Winter precipitation in California is largely caused by storm systems as part of the mid-latitude storm tracks that propagate from the Pacific Ocean to the US West Coast. These storm systems tend to be modulated by various factors including the El Niño/La Niña cycles in the tropical eastern Pacific. When the tropical eastern Pacific is warmer than usual (El Niño years), California receives more precipitation in winter and vice versa for La Niña.  However, California recently experienced two highly unusual winter seasons that puzzled climate scientists. Following a failed rainy season prediction despite the strong 2015–16 El Niño, California unexpectedly experienced one of its wettest winter seasons on record during the weak 2016–17 La Niña. The record broke the severe multi-year California drought, bringing water level conditions back to near normal for the first time since the winter of 2012–13. The seasonal forecast systems, which are largely based on El Niño/La Niña conditions, failed to predict these unusual winter precipitation patterns. The immediate questions are what happened during these two winters and why did our understanding of the tropical Pacific modulation of California winter precipitation not hold true for these two winters?

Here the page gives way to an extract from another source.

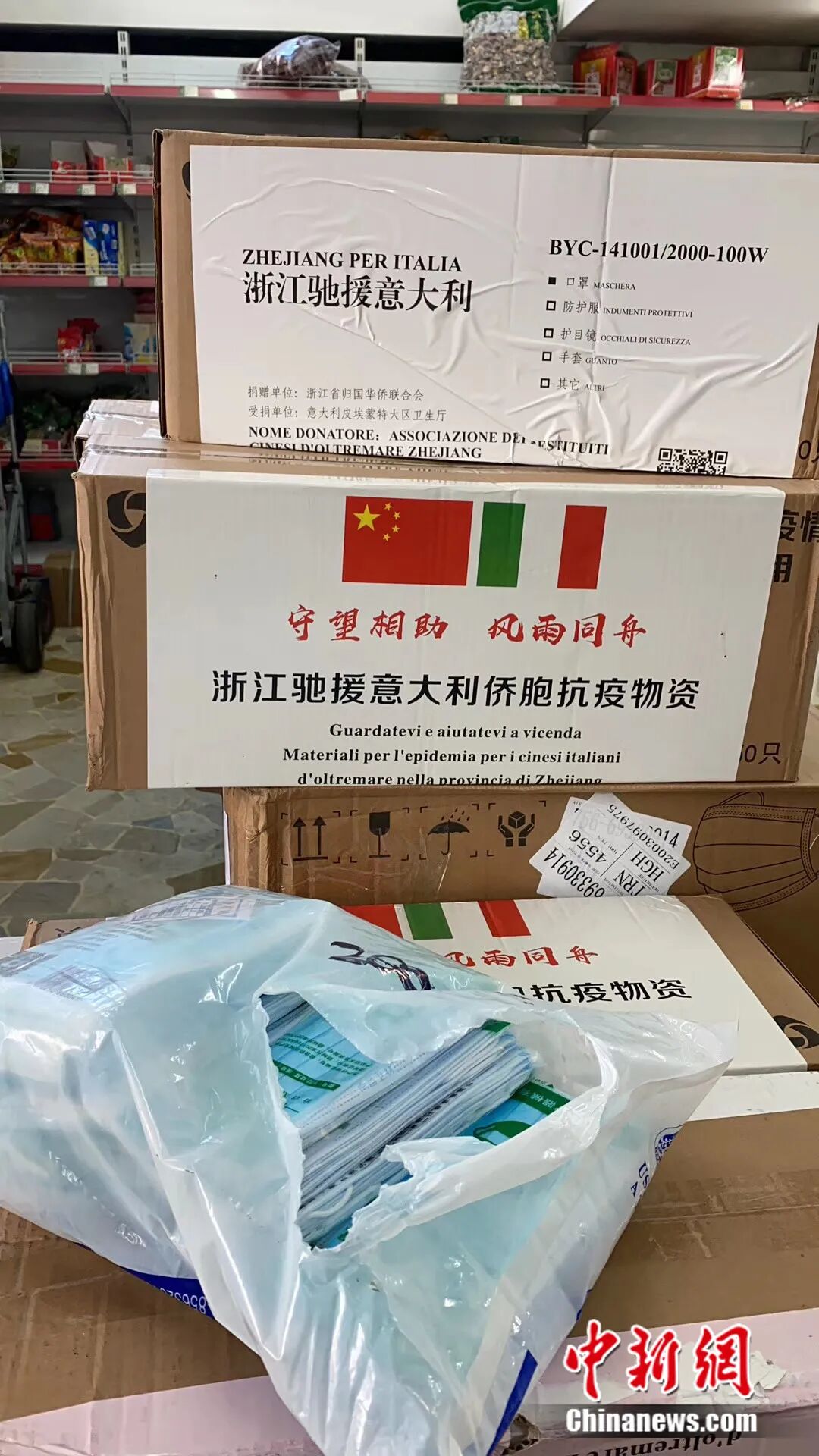 图为浙江驰援意大利侨胞抗疫物资。受访者供图

Boxplots showing how well model forecasts capture the observations between the two winter seasons, 2016–17 minus 2015–16
(Left) Boxplots showing how well model forecasts capture the observations between the two winter seasons, 2016–17 minus 2015–16, represented in terms of spatial correlations for the atmosphere circulation in the Pacific and North American region (200 mb (blue) and 850 mb (red) geopotential height fields) and California precipitation (black). (Right) Spatial correlations of precipitation between model forecasts and observations in a subset of the ensemble with positive (green) and negative (red) AO phases. A large positive correlation, as in the case of 200 mb geopotential heights, indicates skill in the model system capturing the observed pattern. The boxes represent the 25th/75th percentiles and the whiskers represent the 5th/95th percentiles of the correlation distribution based on forecasts from 20 ensemble members for each winter, which forms 400 pairs of differences. The thick horizontal line illustrates the median correlation and black dots represent the correlation between ensemble average model forecasts and the observations.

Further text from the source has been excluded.